DESIGN, SETTING, AND PARTICIPANTS:
This cohort study analyzed NSAID use and ovarian cancer diagnosis data from 2 prospective cohorts, 93 664 women in the Nurses' Health Study (NHS), who were followed up from 1980 to 2014, and 111 834 in the Nurses' HealthStudy II (NHSII), who were followed up from 1989 to 2015. Follow-up was completed on June 30, 2014, for the NHS and June 30, 2015, for NHSII. Data were analyzed from June 13, 2016, to September 18, 2017.
EXPOSURES:
For each analgesic type (aspirin, low-dose aspirin, nonaspirin NSAIDs, and acetaminophen), timing, duration, frequency, and number of tablets used were evaluated; exposure information was updated every 2 to 4 years.
MAIN OUTCOMES AND MEASURES:
Cox proportional hazards models were used to estimate hazard ratios (HRs) and 95% CIs for associations of aspirin, nonaspirin NSAIDs, and acetaminophen with risk of epithelial ovarian cancer. All statistical tests were 2-sided, with a significance level of .05.
RESULTS:
In the NHS, the mean (SD) age at baseline (1980) was 45.9 (7.2) years, and 93% of participants identified as non-Hispanic white. In the NHSII, the mean age at baseline (1989) was 34.2 (4.7) years, and 92% identified as non-Hispanic white. Among the 205 498 women in both cohorts, there were 1054 cases of incident epithelial ovarian cancer. Significant associations between aspirin and ovarian cancer riskwere not observed when current vs nonuse of any aspirin was evaluated regardless of dose (HR, 0.99; 95% CI, 0.83-1.19). However, when low-dose (≤100-mg) and standard-dose (325-mg) aspirin were evaluated separately, an inverse association for low-dose aspirin (HR, 0.77; 95% CI, 0.61-0.96), but no association for standard-dose aspirin (HR, 1.17; 95% CI, 0.92-1.49) was observed. Current use of nonaspirin NSAIDs was positively associated with risk of ovarian cancer compared with nonuse (HR, 1.19; 95% CI, 1.00-1.41), and significant positive trends for duration of use (P = .02 for trend) and cumulative average tablets per week (P = .03 for trend) were observed. There were no clear associations for the use of acetaminophen.

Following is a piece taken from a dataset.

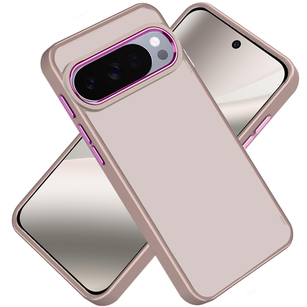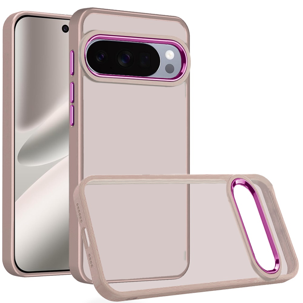 For Pixel 10 Pro XL Polished Oil Thick Acrylic Metal Button Hybrid Case Cover - Beige

CONCLUSIONS AND RELEVANCE:
These results appear to be consistent with case-control studies that show a reduced risk of ovarian cancer among regular users of low-dose aspirin. An increased risk of ovarian cancer with long-term high-quantity use of other analgesics, particularly nonaspirin NSAIDs, was observed, although this finding requires confirmation.